Thinking Out Loud

April 10, 2010

Currently Reading: Reborn To Be Wild

It was 11:30 PM Thursday, I was getting into bed when I suddenly remembered that about twelve hours previously, I had received a delivery — a white cardboard box — which I had never got around to opening.   I knew it contained books from David C. Cook, but decided to walk back to the living room to open the package.

The book that caught my eye was Reborn to be Wild: Reviving Our Radical Pursuit of Jesus. I had never heard of Ed Underwood.   Never heard of the book.

The back cover offered this question:

Why did the Jesus Movement stop moving?

I was hooked.  By midnight I was about 50 pages in, and I was up early on Friday morning to squeeze in another 50 pages before heading out of town.

Underwood was part of the Jesus People scene in California.   No not that Jesus People scene in 1972.   He was there for the earlier grassroots events that sparked the whole thing in the late ’60s, 1968 in particular.

He tells his story.  But he weaves lots of good scripture into his text. It’s a book that is autobiographical in nature.   It’s a book that has teaching as a primary goal.

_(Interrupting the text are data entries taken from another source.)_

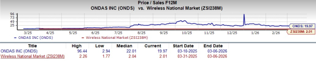 Valuation-wise, ONDS seems overvalued, as suggested by the Value Score of F. In terms of the forward 12-month Price/Sales ratio, ONDS is trading at 19.97, considerably higher than the industry’s multiple of 2.01.
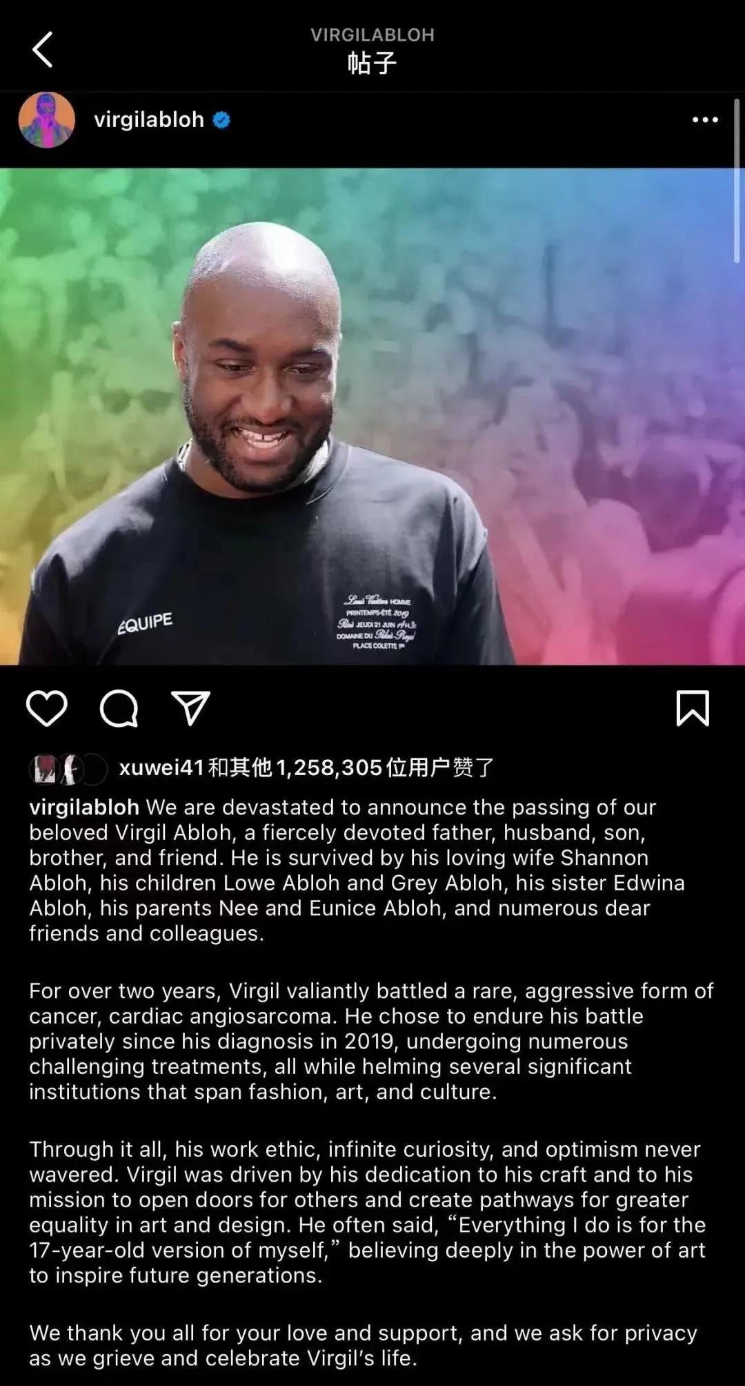 官方ins声明写到“两年多来,Virgil一直勇敢地和心脏血管肉瘤这种罕见的侵袭性癌症作斗争,自2019年确诊以来,他经历了无数次极具挑战性的治疗,同时还领导着公司在时尚、艺术和文化方面的工作。”
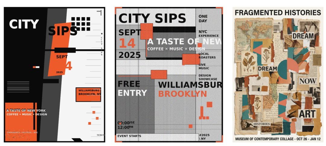 风格覆盖要足够广,包含但不限于:粗野主义、街头涂鸦、复古纽约、极简主义、霓虹风、拼贴、超现实。
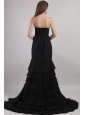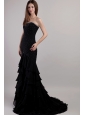 Heads will turn at your arrival. This black strapless mermaid prom dress features a sweetheart neckline which is accented with beadings and the whole bodice is decorated with beadings all the way to the hip. The sparse beadings on the black dress is like stars in the sky. The ruffled skirt has a mini train which adds beauty and grace to the dress.
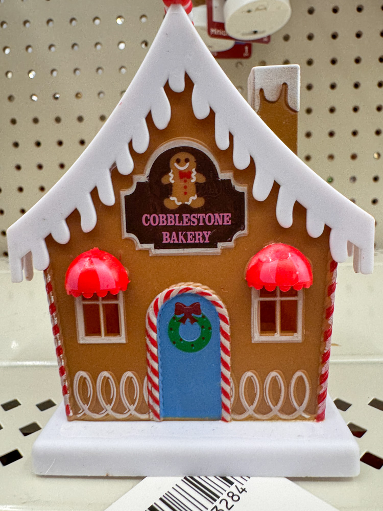 How sweet is this Cobblestone Bakery? These mini Dollar Tree Christmas houses remind me of a tiny gingerbread village — perfect for tucking onto a shelf or mixing into a snowy display.
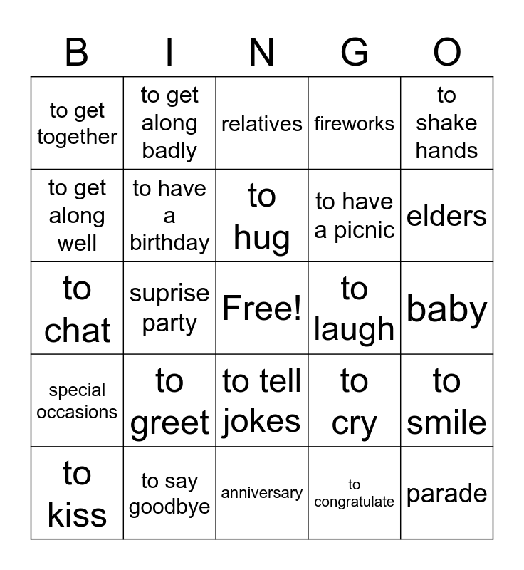 This bingo card has a free space and 24 words: to greet, to say goodbye, to hug, to kiss, to shake hands, to get together, to get along well, to get along badly, to laugh, to tell jokes, to have a picnic, to chat, to cry, to smile, to have a birthday, to congratulate, baby, relatives, elders, suprise party, parade, special occasions, fireworks and anniversary.
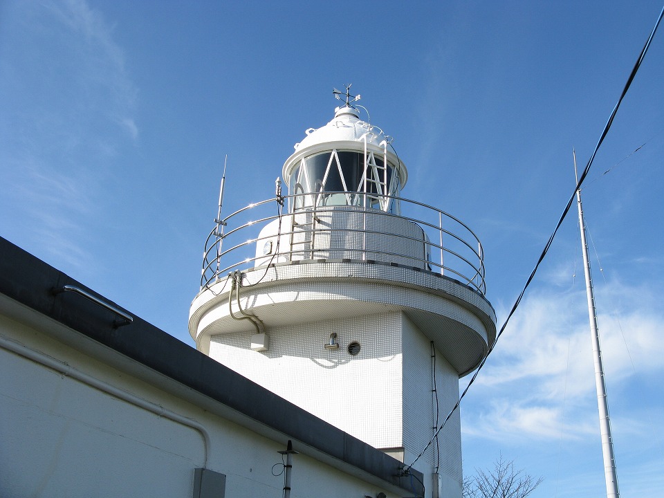 | ひと1人が通れるほどの階段(一部平坦路)を 腰痛と脊柱管狭窄症持ちのおっさん(ワタクシのことですね。) が、えっちらおっちら登ること(一部下ること)をしつつ 約18分で灯台に着いた。 11月の朝で風が強いのに、汗だくだ…。 標高の高さは273.9mで全国3位(ちなみに粟島最高地点。)、 光の届く距離は約42kmで全国2位 だそうな。 |
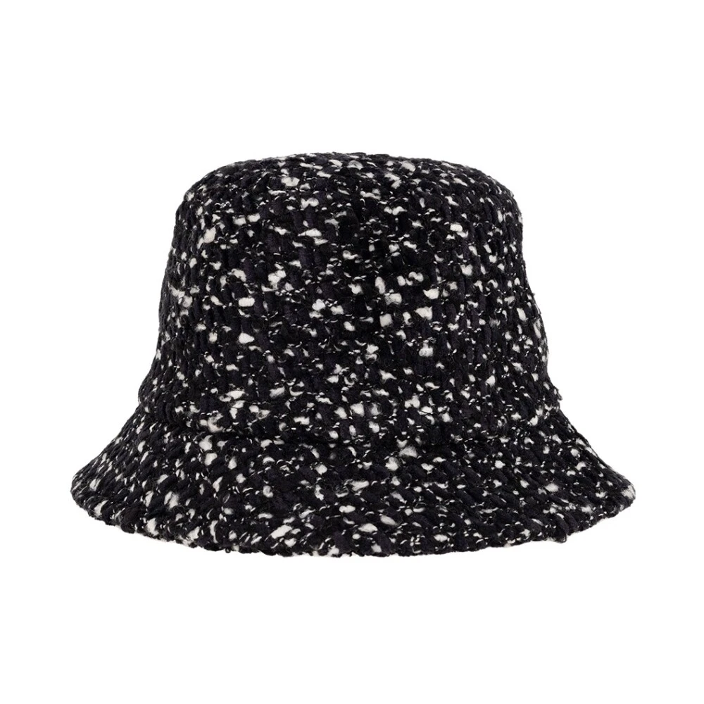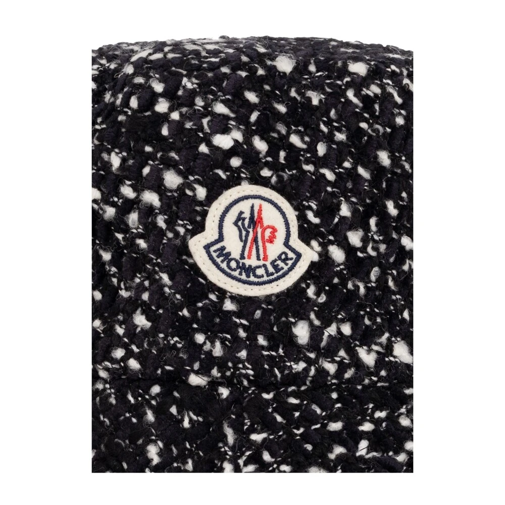 Svart og hvit bøttehatt fra Moncler. Laget av en ullblanding, er denne gjenstanden dekorert med en logolapp i krem, marine og rødt.

And I’m hooked.  And this isn’t even the book review I’ve yet to do when I’ve covered the next 200 or so pages.    Here’s a sample:

Picturing Revival

One sentence inside the story of Paul’s work in Ephesus describes its impact in words I would use to tell people what happened in the Jesus Movement.  “And this continued for two years so that all who dwelt in Asia heard the word of the Lord Jesus.”  (Acts 19:10a)

Nowhere in the entire Bible is there another report of the love and knowledge of Christ growing so quickly and deeply into a culture.  In only two years everyone living in the Roman province of Asia — today’s Asia Minor — had heard the word of the Lord Jesus.   It’s amazing to me that most of the people who speak in order to help us understand God’s Word, try to explain it away.

In one of my “only for preachers and other smart religious people who know Greek” books about Acts 19:10, the author drones on about how the time reference is obviously hyperbole because it really isn’t possible for God to do something that big, that fast.  He concludes that Paul must have meant to say, “a lot of people” instead of “all.”  In bold red ink, I wrote in the margins, “That’s because you’ve never seen revival.”

I have and it moves just that fast and it penetrates just that deep.

The book releases in June in paperback from David C. Cook.   In the meantime, here’s their rundown:

A long-time pastor ponders why the Jesus Movement stopped moving…and challenges all generations of believers to the radical commitment that fuels revival. Long before becoming a pastor, Ed Underwood was a “Jesus Freak”–a young man transformed by the Jesus Movement in the 60s and 70s. He and his friends threw their hearts into a revival they thought would change the world. But somehow, the Jesus movement stopped moving. How did these radically committed young people morph into today’s tame, suburban evangelicals?

That’s the question that sparked this passionate, provocative book, which aims at nothing less than fanning the flames of enduring revival today. Underwood draws on his personal revival experience and his study of the New Testament to expose six seductive lies that can easily sidetrack a movement and affirms five life-changing truths that can keep it going.

Ed Underwood is a pastor and author whose life was transformed by the Jesus Movement and has never lost his passion for revival. He oversees the ministries of the historic Church of the Open Door in Southern California.